Recorded information:
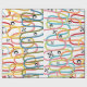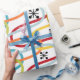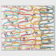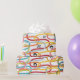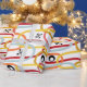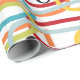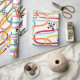 Este papel de embrulho tem uma design moderna do século médio de rabiscos rodando verticalmente em cores retrógradas com estrelas pretas e círculos espalhados sobre a design.
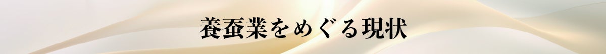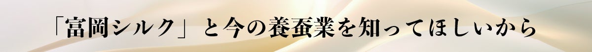 日本人ならではの感性と共に育まれてきた日本の絹産業は、養蚕農家の高齢化や、安価な外国産生糸の需要に圧され、衰退の一途を辿り、現在は“空前の灯”へと化しています。“日本のシルクは富岡で守り抜く”との熱い決意をもち、弊社は富岡製糸場のある富岡市において、地元の養蚕業を次世代へ継承することを目的に日々活動しています。富岡の養蚕農家が丹精込めて愛しみ育てた繭。そこから始まる“シルクストーリー”は、それぞれの作り手の想いがつながる貴重な絹製品へと商品化され、消費者の皆様の暮らしを彩るシーンへと繋がります。歴史と伝統と共に育まれた養蚕への精神は、今でもなお富岡市内の養蚕農家へと受け継がれています。
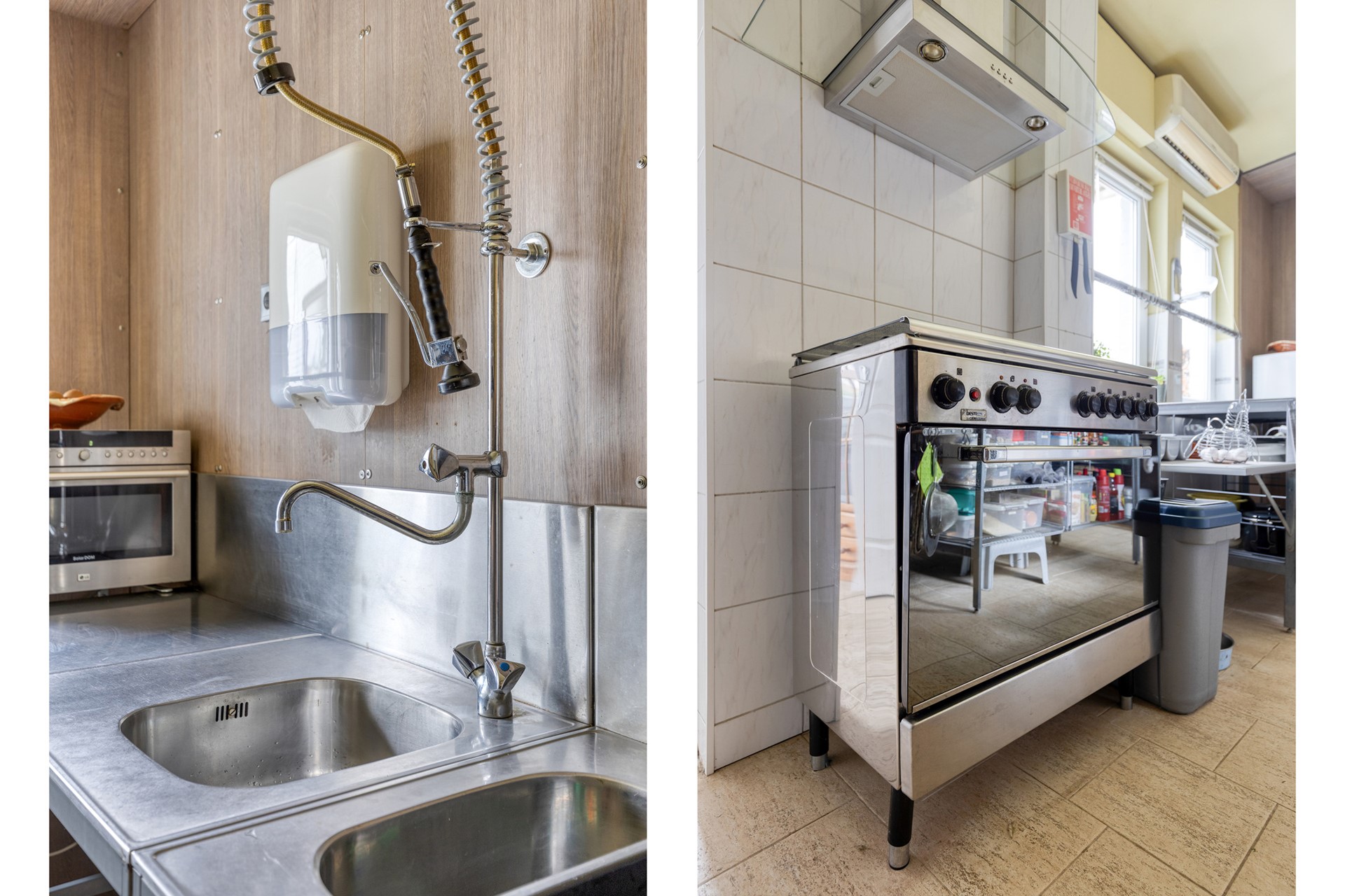 De uitbouw in het achterste deel van de begane grond is momenteel ingericht als keukenruimte en biedt volop mogelijkheden voor een nieuwe invulling. Hier kan een moderne woonkeuken worden gerealiseerd, passend bij hedendaagse woonwensen, maar ook een extra zitgedeelte of leefruimte behoort tot de mogelijkheden. De afmetingen en positionering maken dit deel van de woning bij uitstek geschikt voor een eigentijdse herindeling.
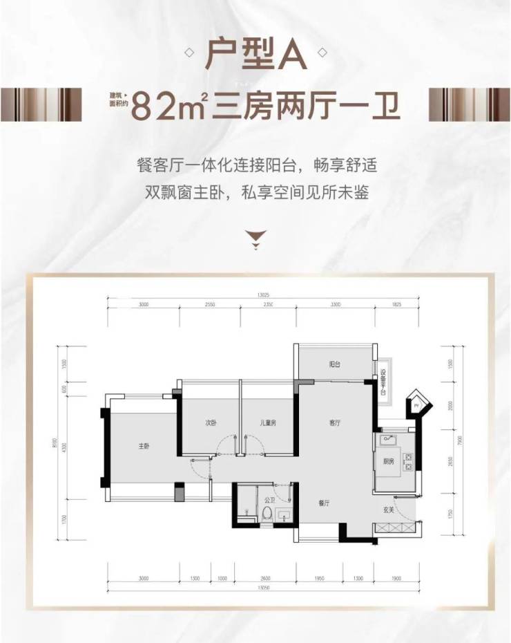 82㎡的3房2厅1卫(户型B),设计的是经典竖厅格局,进门入户玄关,客厅3.3米开间,LDKB一体化设计,动静分区,3个卧室分别做到了3.5米/2.7米/2.55米的宽度,主卧加1个次卧270°飘窗设计,U型厨房,得房率:77.5%(不含赠送),全部东北朝向。

Action item:
Please write out exactly the lines from the one holding "De uitbouw in" through the last line of the material above, both included, as a copy without pictures.

Result below:
 De uitbouw in het achterste deel van de begane grond is momenteel ingericht als keukenruimte en biedt volop mogelijkheden voor een nieuwe invulling. Hier kan een moderne woonkeuken worden gerealiseerd, passend bij hedendaagse woonwensen, maar ook een extra zitgedeelte of leefruimte behoort tot de mogelijkheden. De afmetingen en positionering maken dit deel van de woning bij uitstek geschikt voor een eigentijdse herindeling.
 82㎡的3房2厅1卫(户型B),设计的是经典竖厅格局,进门入户玄关,客厅3.3米开间,LDKB一体化设计,动静分区,3个卧室分别做到了3.5米/2.7米/2.55米的宽度,主卧加1个次卧270°飘窗设计,U型厨房,得房率:77.5%(不含赠送),全部东北朝向。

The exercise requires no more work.